Let's take a look again at LinkedIn. When it started it provided a useful central way to store contacts and a professional version of ‘Friends Reunited.’ It added on professional groups who shared useful things and acted as a way to access people in a semi-protected way. It used to be a source of a few great contacts and snippets of information that were truly useful. However it is now a barrage of semi-connected white noise and a haven for contingent recruiters. It's a high content advance on a telephone directory, but look at what happened to that system. The phone book is a vital source of useful, crowd-sourced data, but the real VIPs are all ex-directory.

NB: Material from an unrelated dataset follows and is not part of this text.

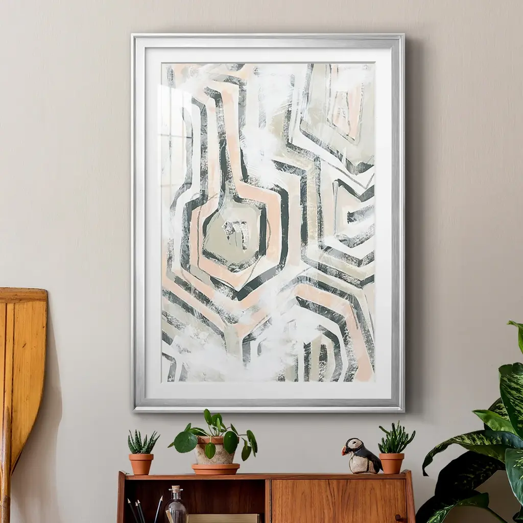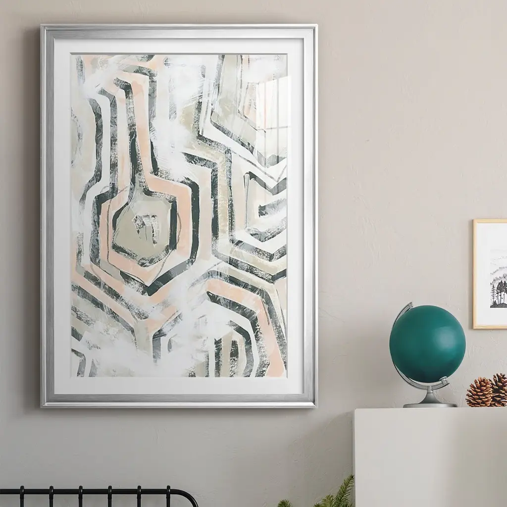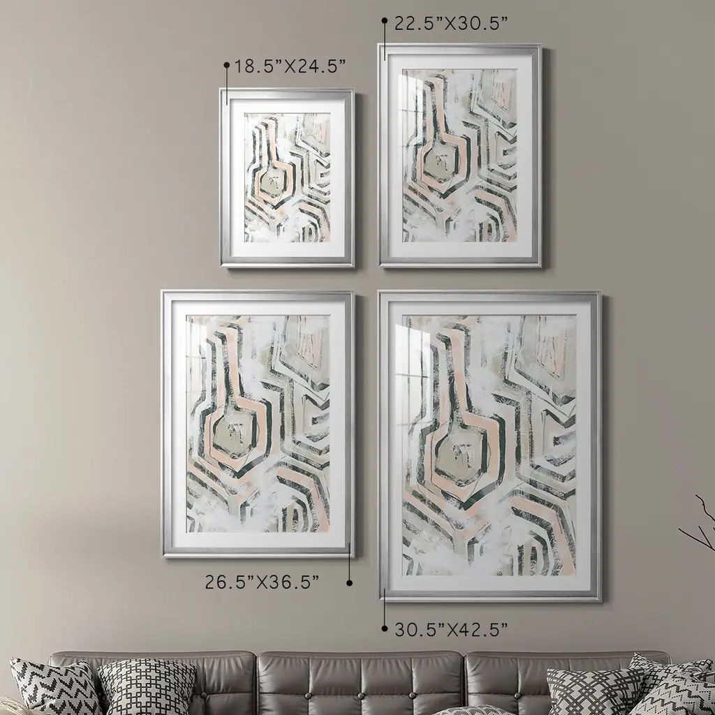 Sand Glyphs I Premium Framed Print - Ready to Hang A Premium Framed Print created to last. Framed in distressed wood and available in an array of sizes and colors Featuring a beveled a solid wood stretcher bar, each piece comes ready to hand 4 SIZES AVAILABLE 30.5''X42.5'' - Overall Size 26.5'X36.5'' - Overall Size 22.5''x30.5'' - Overall Size 18.5''x24.5'' - Overall Size Each piece is made to order. Each piece comes with hanging hardware. Made in the USA Ready to Hang Giclee Paper Print Acrylic Glass Beveled Matt Board

Professionally we know that transformational people are identified by how they influence others, not what they say about themselves. They do not need to market themselves. Even after an unprecedented reduction in head count across the Life Sciences, the most transformational people are still actively employed doing great things for great

companies, not managing their digital footprint.

Trend Setters

Executives are leaders. Therefore the leadership of the executive cohort leaving social media channels in favour of discrete peer-to-peer relationships is natural. We are not predicting the death of social media portals any time soon. They will remain as self-advertising platforms, sources of data for business development, low-level recruitment and as a useful professional Rolodex. However it is only one element of a much more complex set of Web 4.0-ready data networks which define and support executives.

Social media technology has created a useful data resource, but the trough of disillusionment has begun from the top down. What is to come is a return to more personalized, privileged networks, enabled by the Internet, but not on public view and not limited to one platform. It will be a beautifully complex world that, like the world of executives, is people-driven.

Chris Molloy is CEO of the RSA Group.